- Exercise objective:
Give back only the lines in the records below from the one with "TJ Sokol Budišovice" to the one with "Ako želite da", both inclusive, word for word.
** Material for this task follows **
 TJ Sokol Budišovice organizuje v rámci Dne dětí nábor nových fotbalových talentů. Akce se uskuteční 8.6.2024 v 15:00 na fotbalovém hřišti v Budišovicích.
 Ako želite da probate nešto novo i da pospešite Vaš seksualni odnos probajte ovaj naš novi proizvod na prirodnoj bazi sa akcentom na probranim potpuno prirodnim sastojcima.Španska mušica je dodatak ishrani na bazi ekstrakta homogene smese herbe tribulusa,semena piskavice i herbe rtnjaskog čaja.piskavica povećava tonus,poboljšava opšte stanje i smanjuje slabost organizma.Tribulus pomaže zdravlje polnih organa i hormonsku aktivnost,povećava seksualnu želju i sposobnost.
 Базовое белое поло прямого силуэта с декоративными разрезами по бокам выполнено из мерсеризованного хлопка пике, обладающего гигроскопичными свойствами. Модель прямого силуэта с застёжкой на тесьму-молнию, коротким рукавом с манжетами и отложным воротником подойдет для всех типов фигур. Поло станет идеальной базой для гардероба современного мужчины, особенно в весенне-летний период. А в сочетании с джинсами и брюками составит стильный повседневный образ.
** End of Material for this task **
** Material for this task follows **
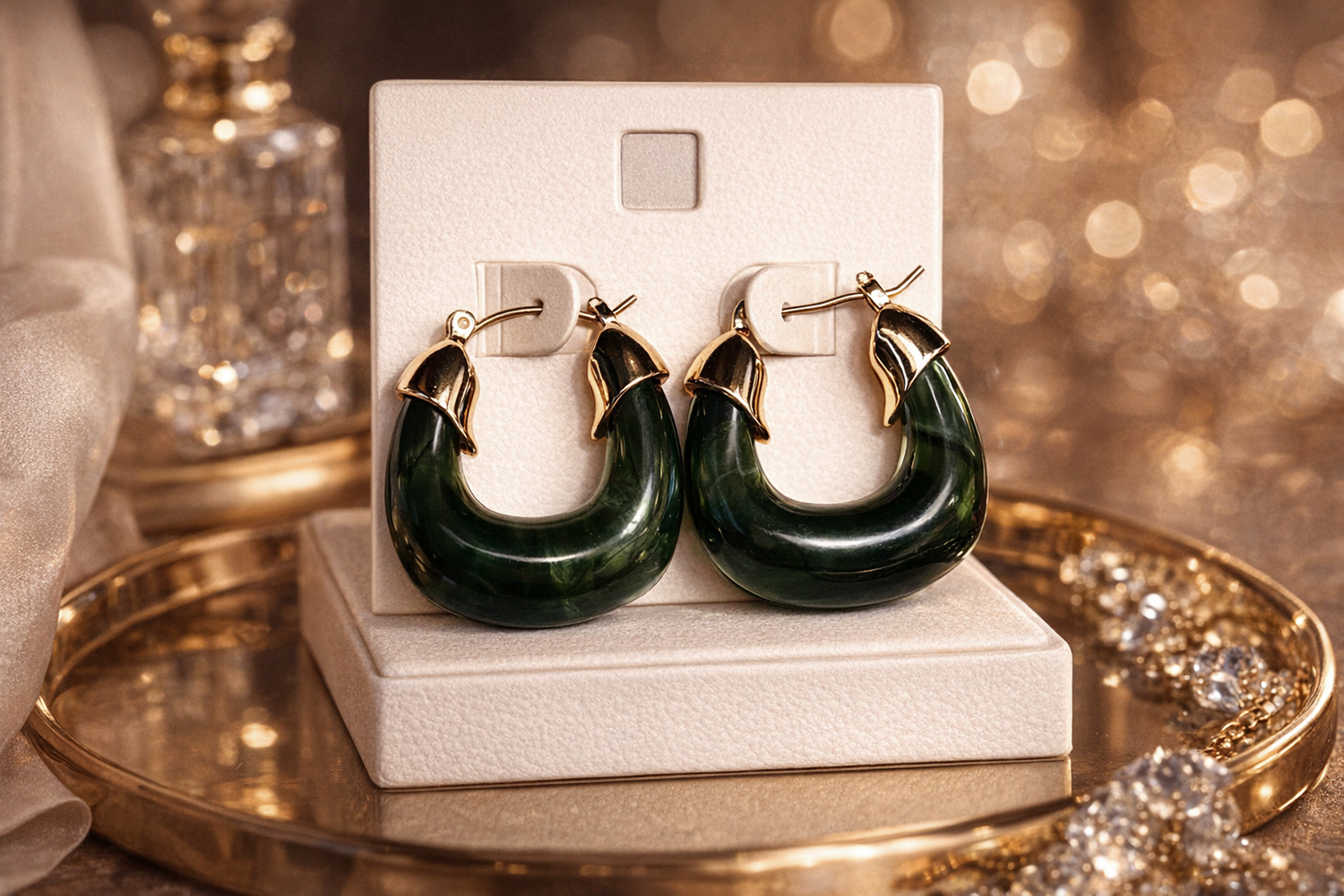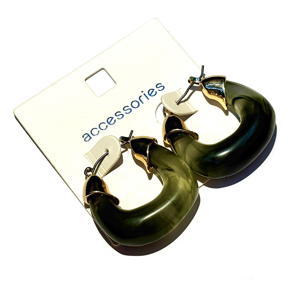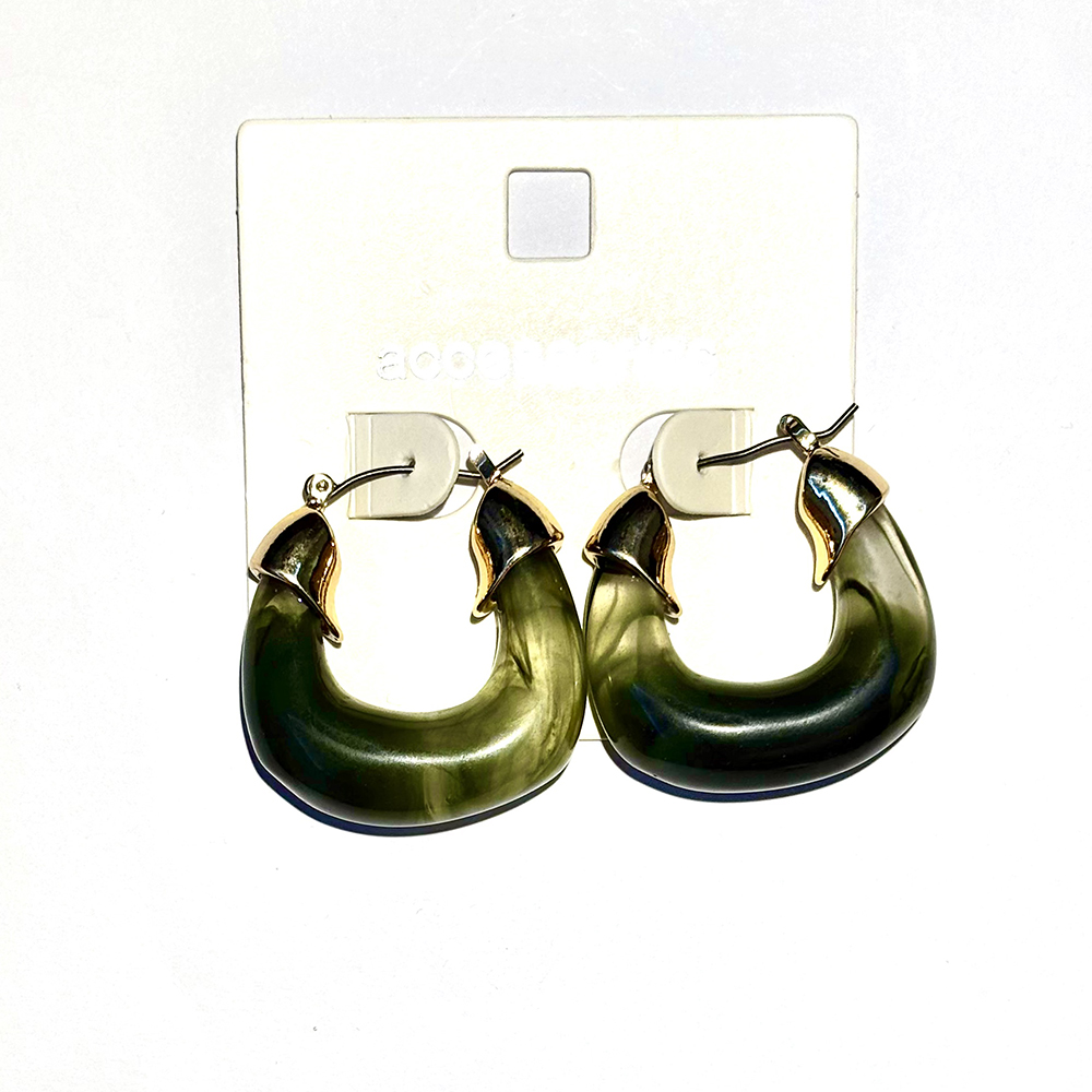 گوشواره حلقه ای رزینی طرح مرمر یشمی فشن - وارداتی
** End of Material for this task **
** Material for this task follows **
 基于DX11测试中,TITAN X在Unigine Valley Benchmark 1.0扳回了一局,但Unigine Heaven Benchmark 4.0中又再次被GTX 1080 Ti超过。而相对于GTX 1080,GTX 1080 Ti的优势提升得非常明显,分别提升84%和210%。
** End of Material for this task **
- Result:
 TJ Sokol Budišovice organizuje v rámci Dne dětí nábor nových fotbalových talentů. Akce se uskuteční 8.6.2024 v 15:00 na fotbalovém hřišti v Budišovicích.
 Ako želite da probate nešto novo i da pospešite Vaš seksualni odnos probajte ovaj naš novi proizvod na prirodnoj bazi sa akcentom na probranim potpuno prirodnim sastojcima.Španska mušica je dodatak ishrani na bazi ekstrakta homogene smese herbe tribulusa,semena piskavice i herbe rtnjaskog čaja.piskavica povećava tonus,poboljšava opšte stanje i smanjuje slabost organizma.Tribulus pomaže zdravlje polnih organa i hormonsku aktivnost,povećava seksualnu želju i sposobnost.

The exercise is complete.